Building a Labor Movement Shop by Shop

Bill Smaldone
April 4, 2021

Winning the right to form a union to collectively bargain with bosses over wages and working conditions should not be equated with the achievement of socialist reforms. Indeed, bargaining implies recognition of the other side’s legitimacy and implies compromise. Yet strong unions are essential to the fight for a socialist future. Unions are an organizational expression of labor solidarity as workers fight to raise their living standards, expand their workplace rights, and build better lives. They are a starting point for creating the democratic, cooperative economy of the future in which workers’ self-management plays an important role.

Over the last fifty years, however, the percentage of unionized workers in the U.S. has fallen from over thirty percent of the labor force to about twelve percent. This development has many causes including the transfer of many heavily unionized manufacturing industries abroad and automation of the production process. Capital also has invested heavily in the difficult to organize service sector and, even more importantly, allied with the neo-liberal state to crush unions across the country to drive down workers’ wages and raise profits.
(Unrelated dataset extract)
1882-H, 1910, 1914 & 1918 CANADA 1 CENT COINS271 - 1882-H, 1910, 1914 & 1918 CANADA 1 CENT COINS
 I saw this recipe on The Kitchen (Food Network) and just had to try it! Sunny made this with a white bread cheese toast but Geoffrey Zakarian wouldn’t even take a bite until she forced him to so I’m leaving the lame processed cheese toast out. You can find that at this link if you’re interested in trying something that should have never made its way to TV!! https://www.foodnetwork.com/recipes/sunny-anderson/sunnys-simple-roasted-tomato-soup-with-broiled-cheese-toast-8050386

Although unions have been in retreat, they have not surrendered, and there are signs of hope. The mainstream press (fully owned by capital!) rarely reports on labor victories, but recently there have been a number of successes, some local, some national. For example, according to the Northwest Labor Press, newsroom employees at five newspapers in Washington state recently won union recognition from the McClatchy Newspaper chain. These are small shops totaling about 40 workers who will now be represented by the Communications Workers of America, which represents over 24,000 journalists at hundreds of publications.
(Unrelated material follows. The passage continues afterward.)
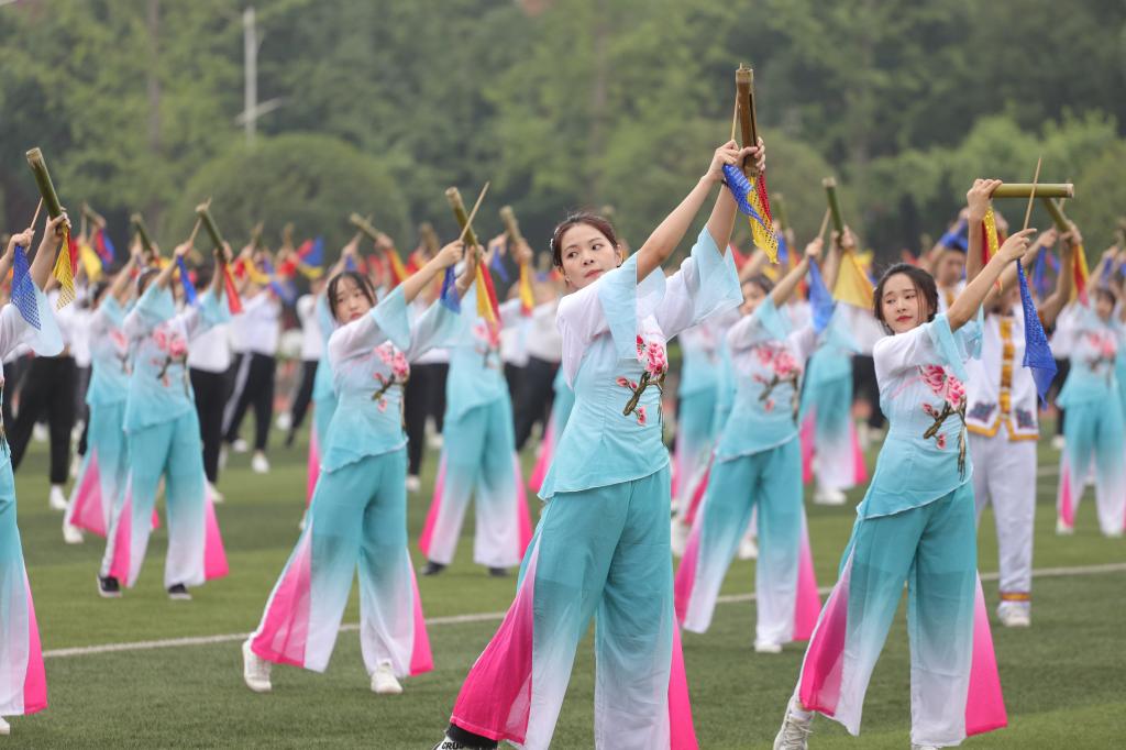 为庆祝中国共产党成立100周年,深入学习贯彻习近平总书记在党史学习教育动员大会及全国教育大会上的重要讲话精神。推动党史学习教育走深走实,发挥学校美育立德树人重要载体作用,努力营造良好的美育文化氛围。我校于6月10日中午在学校足球场举行了第一届美育文化节开幕式暨梆鼓舞大赛。

On the national level, the new Democratic administration also seems intent on shoring up its labor support after decades of neglect. For the first time in forty years a former union leader, Marty Walsh of the Boston Building Trades Council, had been named Labor Secretary and, just weeks ago the National Labor Relations Board reversed a Trump-era-decision that blocked tens of thousands of student teaching assistants from forming unions at public and private universities across the country. Steps such as these, the administration’s commitment to protect organizers from employer retribution, and the revival of efforts to repeal McCarthy era laws that hinder labor organizing, could go far in reversing labor’s decline.

This month all eyes are on 6,000 Amazon workers in Bessemer, Alabama, who are trying to unionize against the will of one of the most anti-union corporations in the country in one of the nation’s most anti-union states. If the effort succeeds, it would be the first union success against a firm that employing over 2 million workers, and it would likely stimulate similar efforts elsewhere. Indeed, anti-union firms such as Home Depot, Lowes, and Walmart, which employ hundreds of thousands of warehouse and transport workers, are certainly on high alert as Amazon’s workers embark on “the most important union drive since the great depression,” as one organizer put it.

Rebuilding the labor movement will take time and the effort will surely encounter setbacks. Nevertheless, efforts such as these, in the context of a relatively labor-friendly administration, give one hope. A victory in Bessemer would go far to revive labor, but, whatever happens, it is only one shop. To succeed labor will have to expand its efforts everywhere, in shops large and small, across the country.